Guillain-Barré syndrome (GBS) is an inflammation of the covering that surrounds nerve cells of the brain and spinal cord. The basis of the inflammation is not conclusively known, but is generally considered to arise from a malfunctioning immune system that recognizes host tissues as being foreign. The inflammation reaction damages the nerves of the brain and spinal cord, producing weakness in the muscles, loss of sensation (such as the sense of touch in the fingers), or outright paralysis.

GBS is termed a syndrome rather than a disease because there is no conclusive evidence to support the possibility that a specific disease-causing agent such as a bacteria or a virus is the direct cause of the malady. Infections may be a trigger to the development of GBS, however.

Description

The syndrome is named after George Charles Guillen and Jean-Alexandre Barré, French co-authors of a classic paper on the syndrome that was published in 1916. A third author, André Strohl, was not subsequently associated with the syndrome that was the subject of the paper.

GBS is a rare and acute disorder. An acute disorder displays a rapid appearance of symptoms, and a rapid worsening of the symptoms. In the case of GBS, symptoms typically appear over just a single day. Most often, symptoms are first noticed in the feet and legs. The symptoms often progress to involve different parts of the body over the next several days to several weeks. In addition, during that time other more severe symptoms can appear. In more than 90% of cases, the symptoms reach their peak by four weeks.

The syndrome is an inflammatory disorder, in which a person's own immune system attacks the nerves outside the brain and the spinal cord. These nerves are known as peripheral nerves.

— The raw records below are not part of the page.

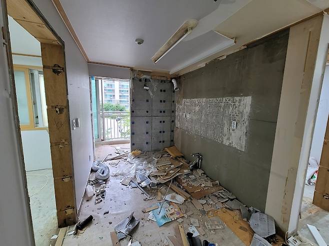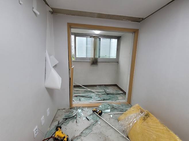 거실을 조금이라도 넓게 사용할 수 있도록 확장 공사를 진행하였습니다. 하리(샷시 날개와 위쪽 벽)는 내력벽으로 철거가 불가한 상태였어요.
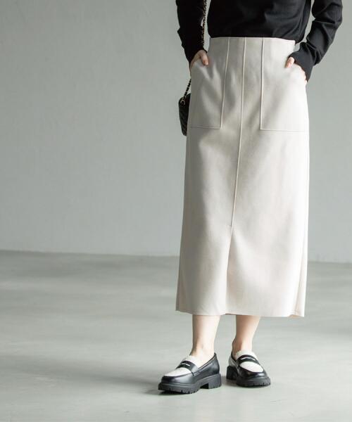 ウール調のニードルジャージ素材を使用した、美シルエットの大人気タイトスカート【デザイン】・すっきりとしたバランスで穿ける、Iラインのシンプルなタイトスカート。・フロントやポケット部分に入ったステッチデザインがアクセント。・細見えが叶うウエストデザインながら、後ろはゴム仕様で楽に着ていただけます。・フロント裾スリットで、足さばきも快適です。【素材】・ふくらみのある、柔らかなウール調のジャージ素材を使用。・ニードルパンチ加工を施した、圧縮ウールのようなふくらみとマットな質感がポイント。・きちんと感がありながら楽に着られる着心地の素材です。・マシンウォッシャブルでご自宅でのお洗濯も可能。【仕様】・ポケット数:横×2・左脇ファスナー・ウエスト後ろゴム・裏地あり※照明の関係により、実際よりも色味が違って見える場合があります。また、パソコン・スマートフォンなどの環境により、若干製品と画像のカラーが異なる場合もございます。モデル情報:身長165cm B72 W57 H84 着用サイズ:38(M)店舗へのお問い合わせ商品番号:637-71005●製品寸法:36(S):総丈85cm W67cm H96cm38(M):総丈86cm W70cm H99cm40(L):総丈88cm W73cm H102cm42(LL):総丈88cm W76cm H105cm備考:
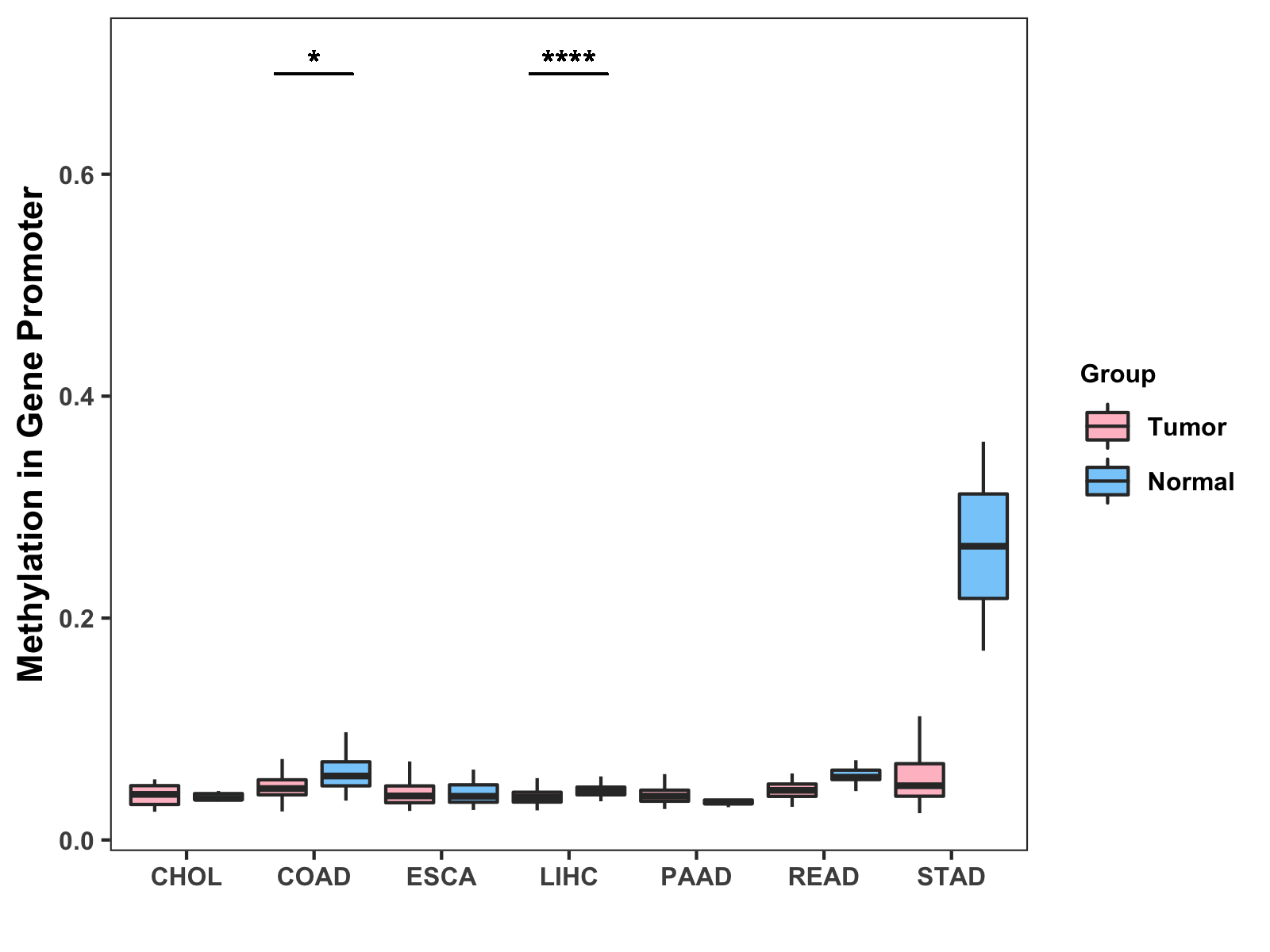 Boxplot of All Gastrointestinal Cancer ( * : 0.01-0.05 , ** : 0.005-0.01 , *** : 0.0001-0.005 , **** : < 0.0001 ) |
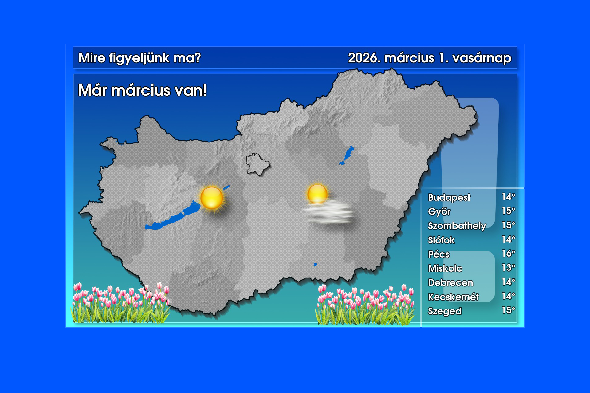 Mivel nem szökőév van, ezért ma már márciust írunk, elkezdődött tehát a meteorológiai tavasz. Időjárásunk viszont nem igazán változik a február végihez képest. Ma is marad a nagyrészt derült vagy gyengén fátyolfelhős, napos, száraz idő, csak az esti óráktól kezdődően növekedhet a felhőzet nyugat felől. A légmozgás gyenge, mérsékelt marad. A csúcsérték 12 és 18 fok között alakul – írta ma reggel közösségi oldalán a HungaroMet.hu.
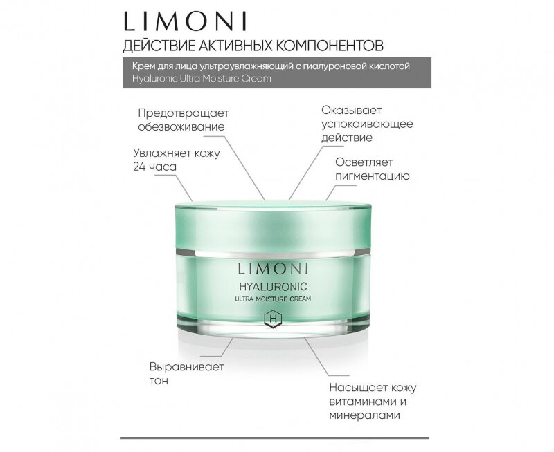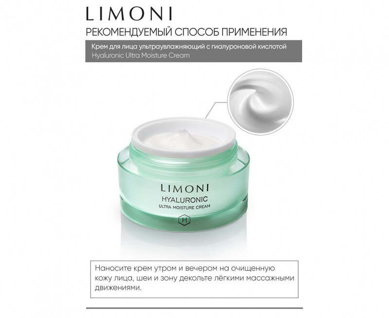 LIMONI Крем для лица Hyaluronic Ultra Moisture Cream ультраувлажняющий с гиалуроновой кислотой, 50 мл
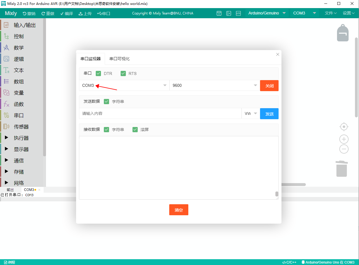 It should be noted that the serial port monitoring window should be closed when uploading the program. Otherwise, the program upload will fail.
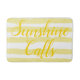 Sunshine Calls is written in bright sunny yellow. Pretty light yellow and white horizontal striped pattern. Cool trendy bathmat pattern with a beach vibe for the warmer spring and summer months for decor fun. Original Artwork Design © TamiraZDesigns.
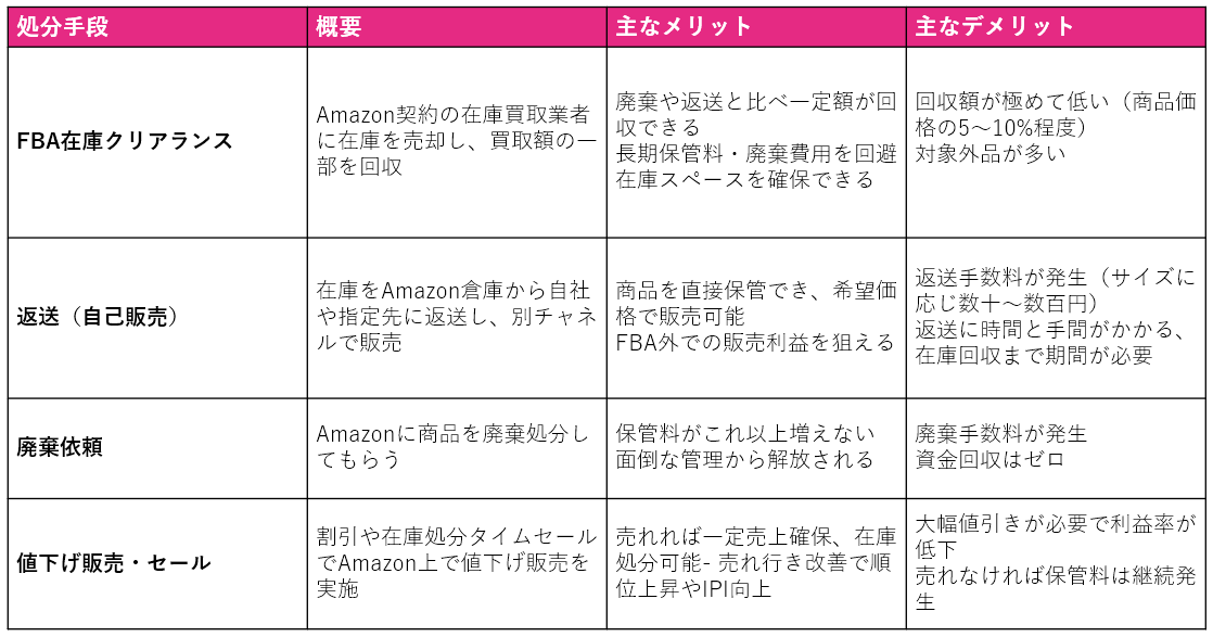 FBA在庫クリアランスプログラムと他の処分手段との比較〜主なメリット・デメリット
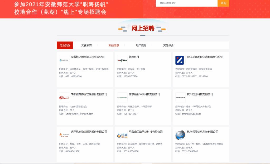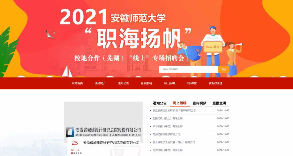 2021年“职海扬帆”校地合作(芜湖)“线上+线下”专场招聘会成功举办。来自京沪苏浙皖等地的科大讯飞、海螺集团、国美电器集团等世界和中国500强企业,以及安徽省旅游规划设计研究院、安徽省城建设计研究总院、安吉县教育局等119家优质企事业单位应邀参会,其中线下招聘单位60家,1100多个招聘岗位涉及文化、教育、设计、科技等多个门类。招聘会现场和线上招聘平台吸引了全校毕业生的到来。
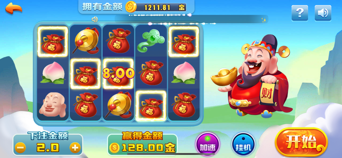 一开始上了100挂了 后面都上了100摇了两下财神到2 两块钱一转中间3排前百搭直接报的九百多块

The nerve inflammation that occurs can damage the nerve cells. The covering (sheath) of a fatty material called myelin that surrounds the cells can be lost. This loss is called demyelination.

Additionally, the elongated portion of the nerve cell called the axon can be killed. This phenomenon is called denervation. The axon conveys electrical impulses to more distant areas of muscles, and from one nerve cell to another. Demyelination and denervation bring about muscle weakness, loss of sensation, or paralysis because the affected nerves cannot transmit signals to muscles. This loss of signal transmission inhibits the muscles from being able to respond to nerve signals. As well, the brain receives fewer signals and the person can become unable to feel heat, cold, or pain.

GBS is also known as Landry-Guillain-Barré syndrome, acute idiopathic polyneuritis, infectious polyneuritis, and acute inflammatory demyelinating polyneuropathy (AIDP). Another malady called chronic inflammatory demyelinating polyradicalneuropathy is possibly related to GBS. It is far less common than GBS (which itself is rare) and persists longer.

Demographics

GBS can occur at any age. However, the syndrome tends to be more prevalent in men and women aged 15–35 years and 50–75 years (a bimodal pattern of age distribution), respectively. Males are slightly more susceptible than females (the ratio of those affected is approximately 1.5 male per female). There is no known racial group that is any more susceptible to GBS, nor any known geographical localization of the syndrome.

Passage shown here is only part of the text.